Träumen Sie auch davon, etwas Sinnvolles zu schaffen, das die eigene Lebenszeit überdauert? Einen Besteller schreiben… das wär’s. Leider ist unserem Philosophen, dem Schwarzen Peter, nichts dergleichen gelungen. Deshalb arbeitet er zur Aufbesserung seiner Finanzen zwei Tage die Woche in einem Fahrradgeschäft. Zum Trost darf er die Bücher erfolgreicher Autoren rezensieren. Heute widmet er sich Christian Uhles Werk „Wozu das alles? Vor allem der Untertitel „Eine philosophische Reise zum Sinn des Lebens“ hat es ihm angetan.

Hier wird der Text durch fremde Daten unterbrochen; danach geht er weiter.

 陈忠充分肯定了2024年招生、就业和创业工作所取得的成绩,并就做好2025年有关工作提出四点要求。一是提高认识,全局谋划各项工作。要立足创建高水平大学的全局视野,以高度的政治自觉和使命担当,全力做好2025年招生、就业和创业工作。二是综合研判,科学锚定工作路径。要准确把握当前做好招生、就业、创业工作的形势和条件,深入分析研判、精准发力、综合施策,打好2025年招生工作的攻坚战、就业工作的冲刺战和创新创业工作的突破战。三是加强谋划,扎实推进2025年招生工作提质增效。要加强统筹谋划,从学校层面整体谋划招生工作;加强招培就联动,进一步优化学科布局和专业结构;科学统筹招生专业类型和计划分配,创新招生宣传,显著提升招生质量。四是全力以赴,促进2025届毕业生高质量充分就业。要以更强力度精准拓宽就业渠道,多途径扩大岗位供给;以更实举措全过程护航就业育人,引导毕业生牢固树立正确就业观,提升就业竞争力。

Wozu das alles? Gute Frage.
Das Buch bringt 590 Gramm auf die Waage, umfasst 494 Seiten und kostet 26 Euro — gewandet in einen stilvollen Einband. Ein stattlicher Wälzer, denkt sich unser Philosoph. Aber zwischen den Buchdeckeln geht es um nicht weniger als die seit Jahrtausenden virulente Frage nach dem Sinn des Lebens. Und zwar in doppelter Hinsicht: Welchen Sinn hat mein Leben? und Welchen Sinn hat Leben im Allgemeinen? Er denkt an Gottfried Wilhelm Leibniz’ (1646-1746) berühmtes Zitat:
„Warum gibt es überhaupt etwas, und nicht nichts?“
Um diese Fragen kreisen die Gedanken unseres Philosophen seit Jugendzeiten. Deshalb hat er Philosophie studiert — verbunden mit der eschatologischen Hoffnung, die Schwere des Lebens abschütteln zu können. Vielleicht gelingt es ihm mit Hilfe des vorliegenden Buches.
Die Mutter aller Fragen
Christian Uhles Reise startet forsch mit der größtmöglichen Fragestellung „Warum bin ich hier?“. Der Schwarze Peter stellt sie sich in Krisensituationen oder Phasen der Desorientierung. Sie verweist auf seine Sehnsucht, sinnvoll in eine kosmische Ordnung, in ein sinnvolles größeres Ganzes eingebettet zu sein. Der Dichter und Philosoph Novalis (1772-1801) hatte für diesen Zustand den wohlklingenden Begriff der Metaphysischen Obdachlosigkeit.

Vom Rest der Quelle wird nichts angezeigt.